During the COVID-19 pandemic, hospitals and health systems have fully embraced their role in responding to the public health crisis, moving mountains to offer community testing services and providing care for patients with COVID-19, even while dealing with serious cuts to their revenue models. Frontline doctors, nurses, and other medical professionals are being hailed as heroes—and rightly so, as they not only are learning how to treat an unprecedented and unpredictable virus but are also offering emotional and spiritual support to individuals who are ill and suffering, and isolated from their families. Then you have health insurers. While the rest of the healthcare industry stretches and strains to meet the pandemic’s demands, they alone have been experiencing record profits. And they’re not just passively reaping the financial benefit of patients delaying care. According to the American Hospital Association, they are actively blocking access to care and putting unnecessary burdens on providers during this pandemic.
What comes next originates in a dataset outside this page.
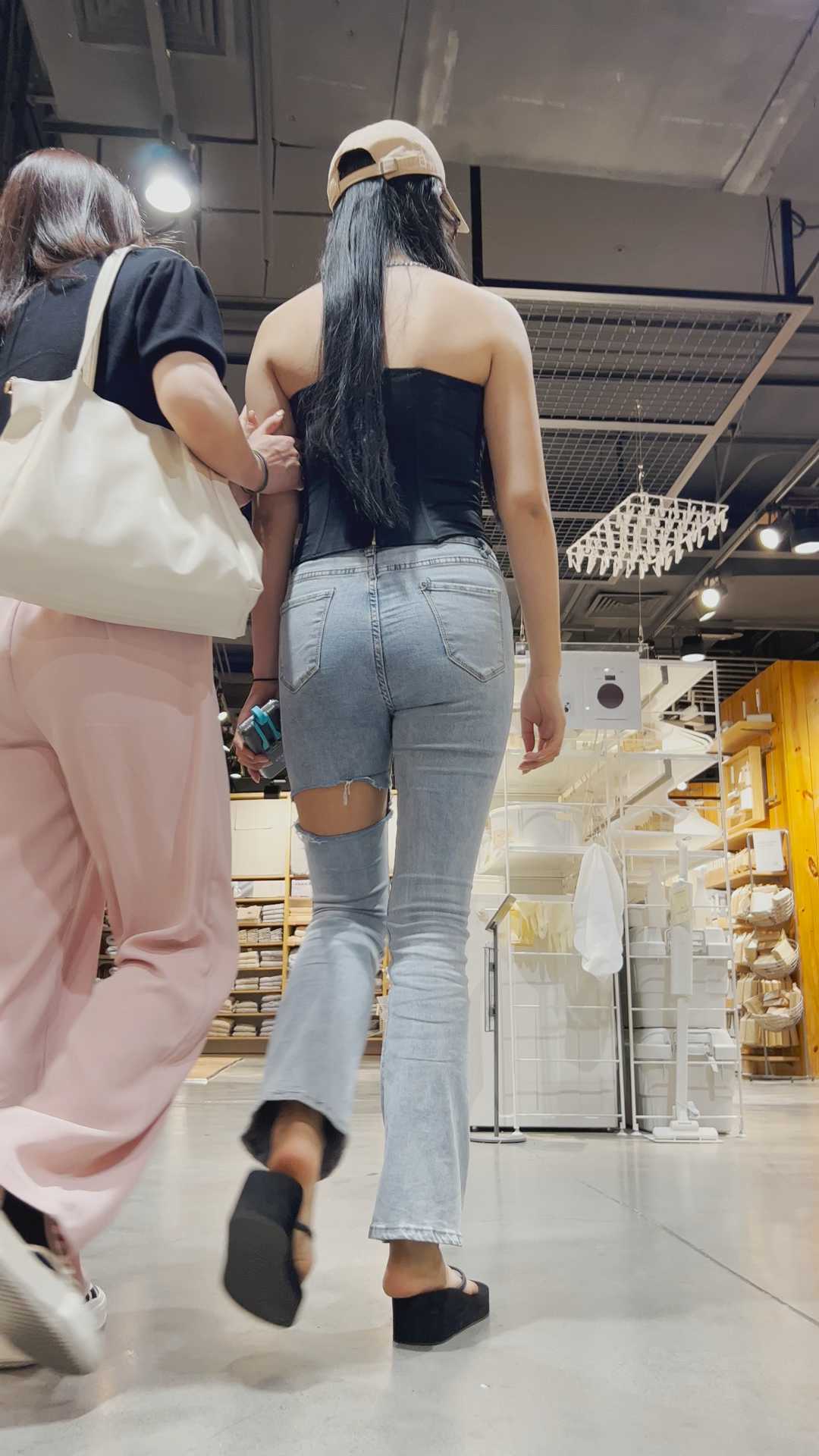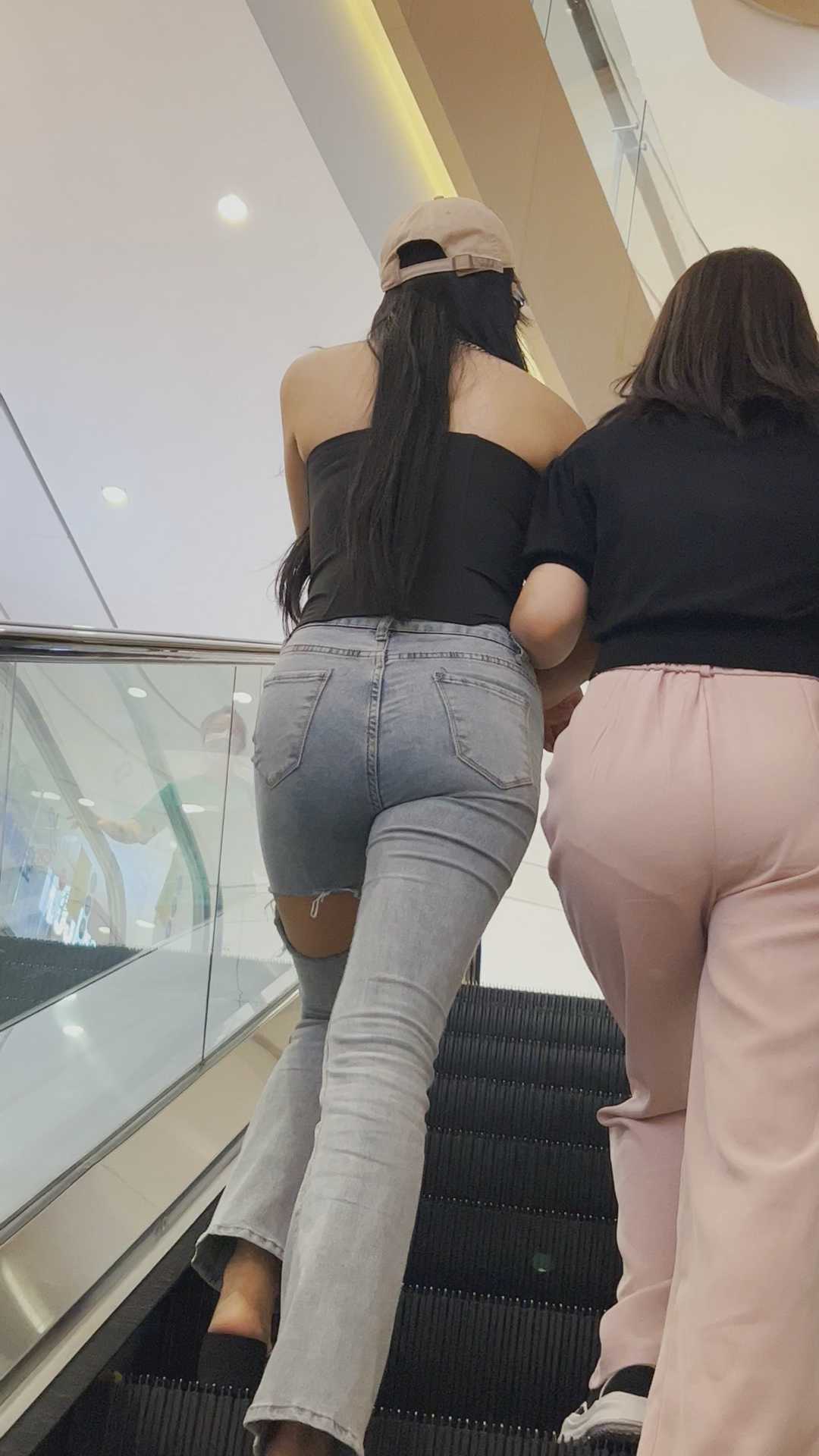 B323性感紧身牛仔露背妹子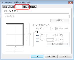 ロゴを印刷する場合には[ロゴ]タブの[ロゴをつける]、署名を印刷する場合には[署名]タブの[署名をつける]にチェックマークを付ける

From unfairly denying coverage of emergency services to refusing to pay providers for certain kinds of inpatient cases, to launching new reporting requirements for labs, to refusing to pay for COVID-19 tests, the AHA has no shortage of proof points to back up its argument.
Health insurers stockpile savings while hospitals battle costly pandemic
On October 27, 2020, Law 360 reported that health insurers have been hoarding premium dollars during COVID-19, including refusing to cover emergency care they decide isn't warranted. Are we really all in this together?